The state of ethic, or freedom, of the newspaper. News is to-day under the domination of its own disorganic ideas and of all the disorderly features of the State. The disorganic elements, which in the growth of things would be attending to their business in other Classes, are obstructing the newspaper. If the bankers, railroad presidents, and all the components of the private interest were not curtailing the movement of the News Class and creating schism in its utterances, publicity would doubtless be found at this juncture speaking rationally and standing for advance in the organization of the Classes. The rank and file of the newspaper men chafe for freer utterance on these lines. They ask to stand more for the equalization of the returns of labor. They would find arbitration, for instance, if they were not governed by the counting-room; many papers are abreast of this now, but there is conflict of publicity on this and kindred points. Many newspapers now would doubtless throw overboard the private interest entirely if they could see the one step further into the greater order beyond it. We may speak of the New York Journal, as at present occupying advanced position here. When News has more attained its organization and is freed from the friction of the unorganized element, the forces will drive it up to its integrity through its own self-interest and artistic momentum. The newspaper, ruled by the advertiser and others, cannot yet speak for the interests of the Whole as against the private concern. Publicity does not report its advertisers, does not persistently label spurious wares in every field, from the exaggerations of the real estate man to the fraudulent medical advertiser—does not report them save in general terms. It dare not specifically report certain of its advertisers, though in some respects it goes far, as in its playhouse news. And we have seen that in all directions of the private interest it does not unify publicity. Last, the newspaper does not move to the surpassing sensation, the uncommon freedom, of reporting itself. There is a mysterious balance-sheet and certain unknown transactions. The newspaper cannot yet act up to the part of full fact-giving wherever it touches life. It waits on fuller organization for its free action, its ethic. 
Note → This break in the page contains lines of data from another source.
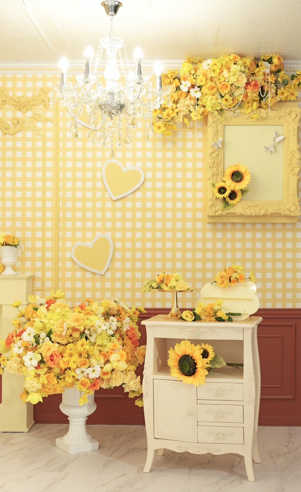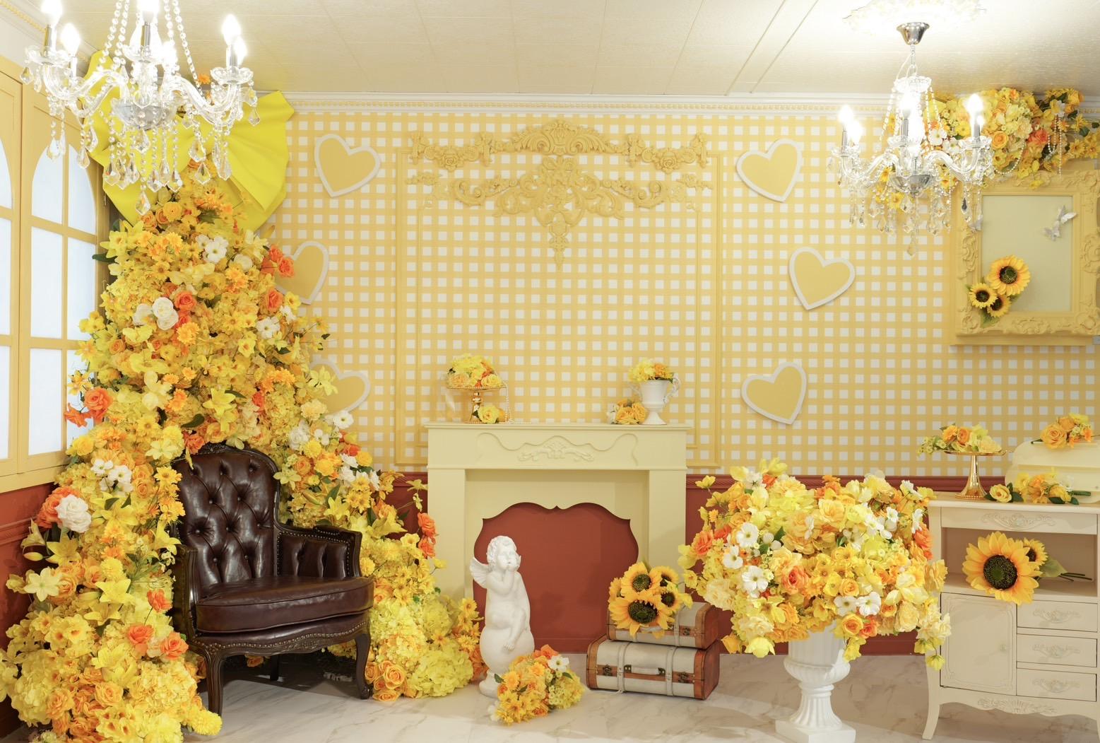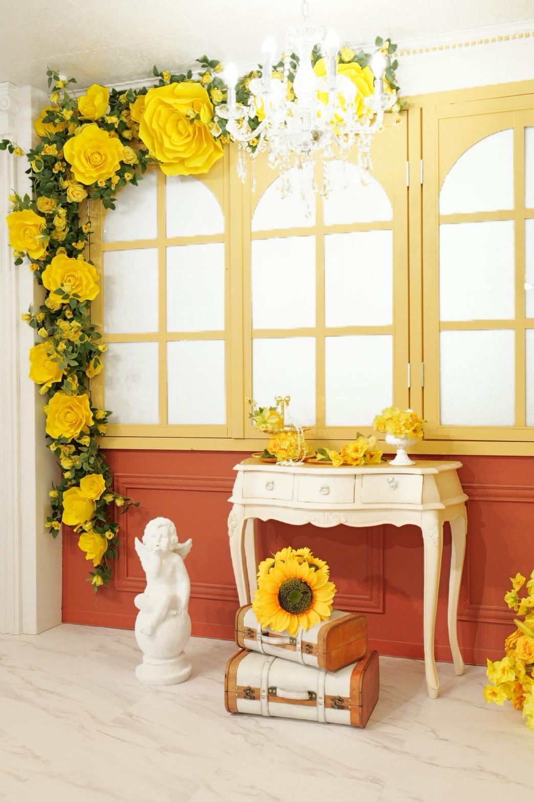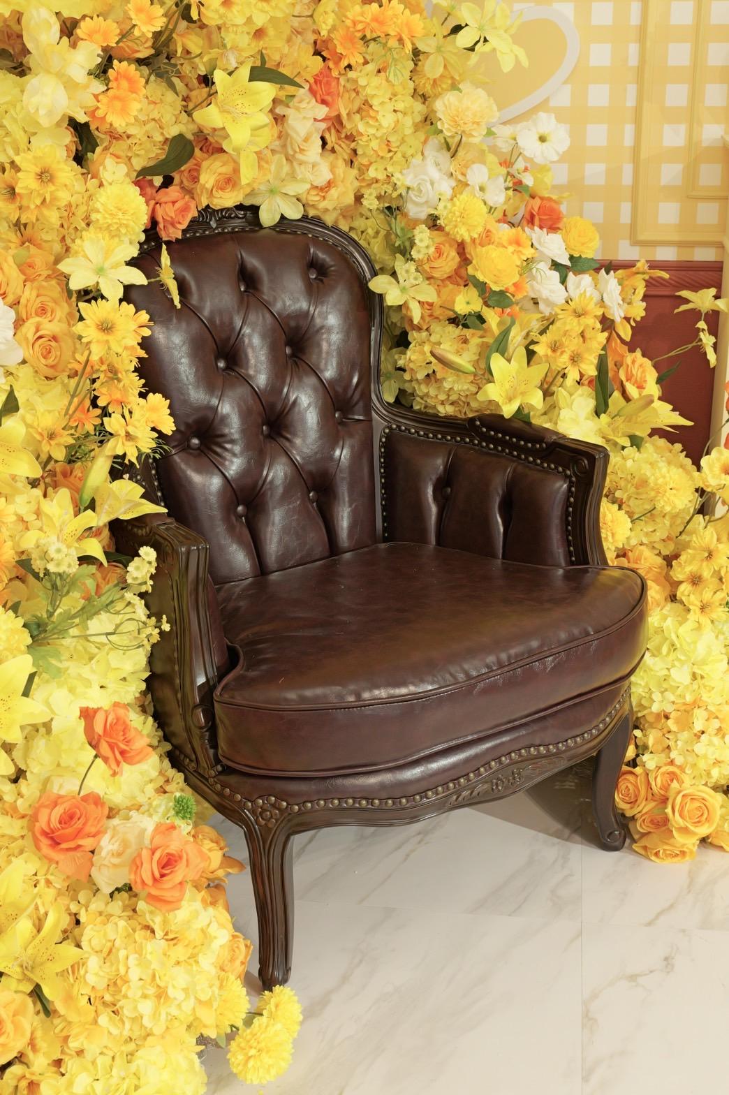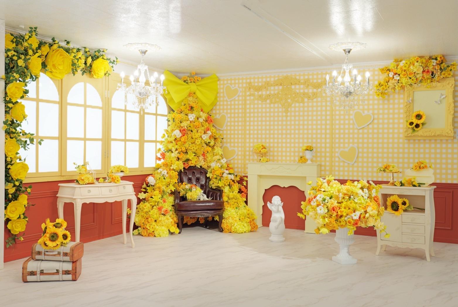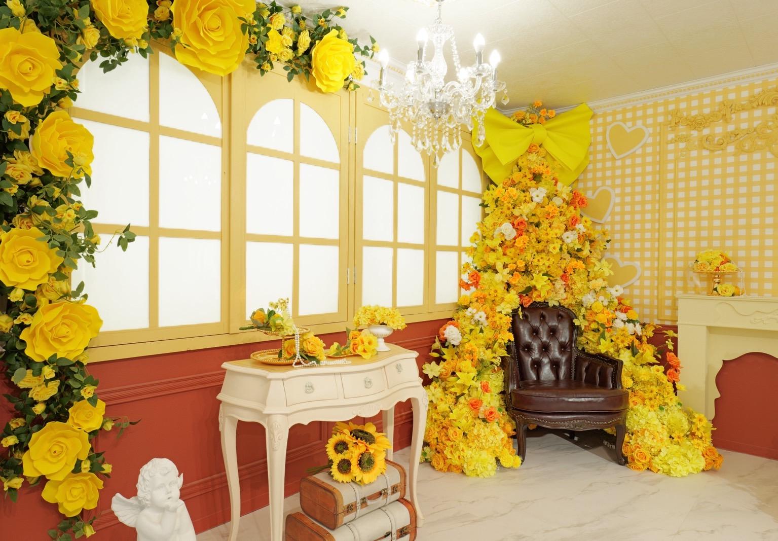 オレンジ×イエローの花々に包まれた華やかなブース。大きなリボンと豪華な花々が壁一面を飾り、存在感のあるチェアとロココ調家具が並ぶ華やかな空間です。“可愛い撮影スタジオ”を探している方にぴったり
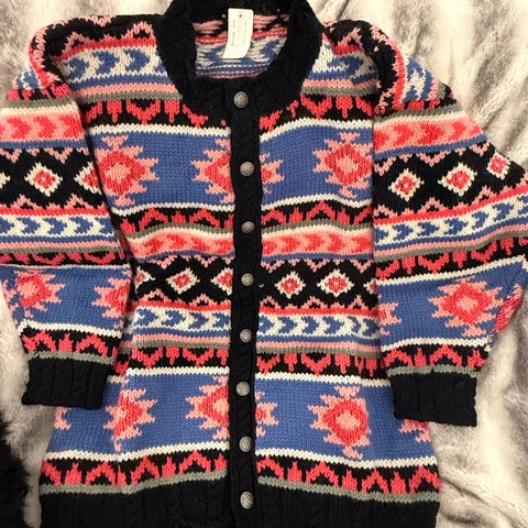 Varmt og godt håndstrikket sjal i blått/grønt ullgarn.
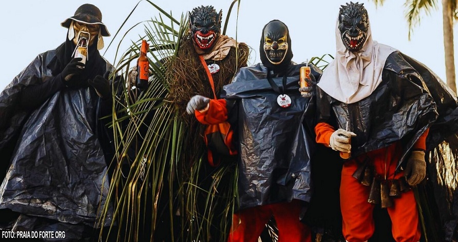 Os Caretas carnavalescos, tradição da Praia do Forte, localizada na cidade da Mata de São João, na Bahia.
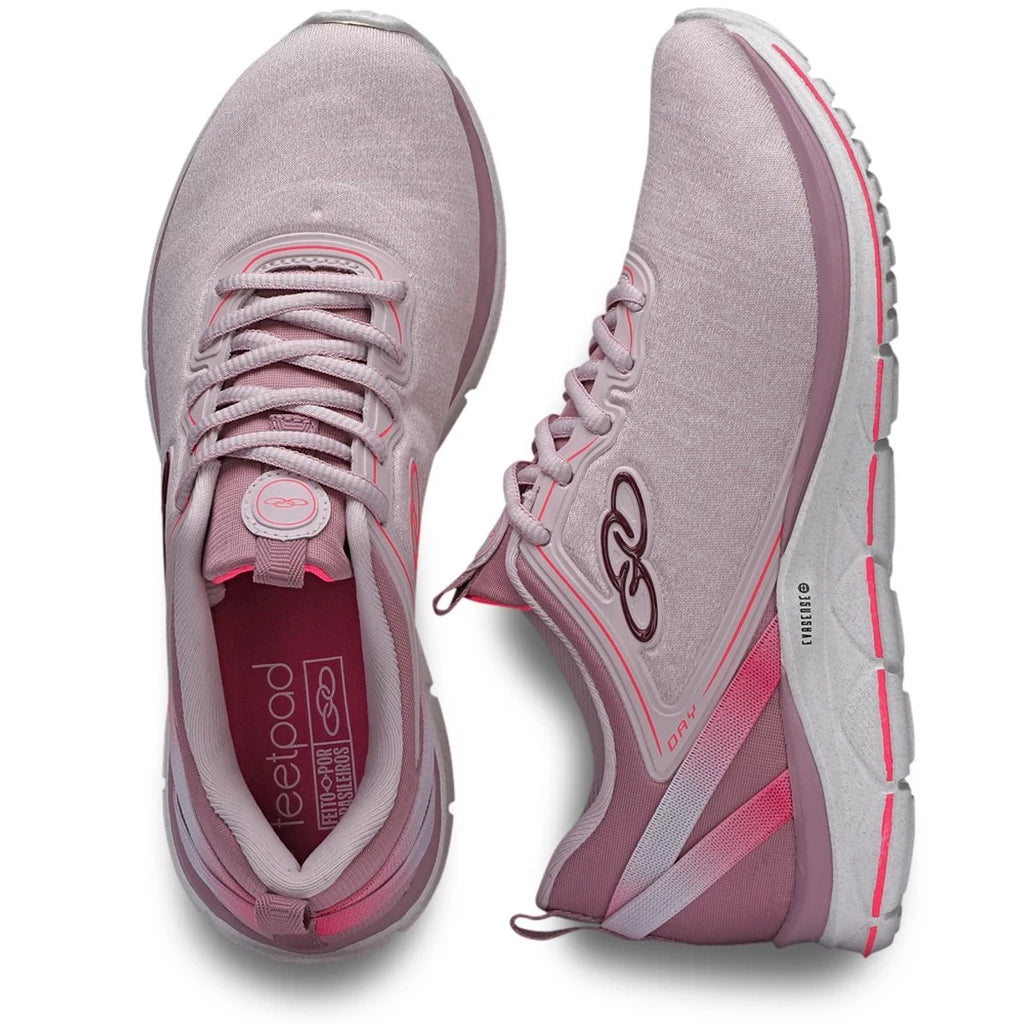 O Tênis Olympikus Day tem cabedal em tecido macio e sem costuras, fitas elásticas sobre o calcanhar e desenho com recortes na sola. A palmilha Feetpad, que memoriza o formato dos pés, e o solado com tecnologia Evasense garantem mais conforto e maciez.

That aspect of the American newspaper which has brought upon it the charge of a “rawness” of utterance and lack of respect for privacy has to be sounded in its ethic, or essential right, from the side of the dynamic forces. If we compare it with the more reserved utterance of the English press, we may attribute much of it to the greater lengths to which inquiry is carried in this country. It may be thought to mark the impetus of the news over to full fact. The movement is in the direction of breaking down the barriers to full inquiry. There is likely to come uppermost out of the crush the status of real respectability. It is likely to result that nothing can lay claim to respect except the fact itself, established after the most searching inquiry in the fullest publicity. There is likely to result the status that nothing is respectable that cannot stand the day. As to why the movement should apparently have its front in America, we can but attribute it to the reach of this country. The Organic Letters quickens in the womb of distance. 

Property in the News Class is function of publicity in terms of its prints, bulletins, and personal inquiry counter. It is borne by all Classes in their several divisions of labor. The News-Office may only tax for its direct support, its particular division of labor. It may put a cost price upon its goods.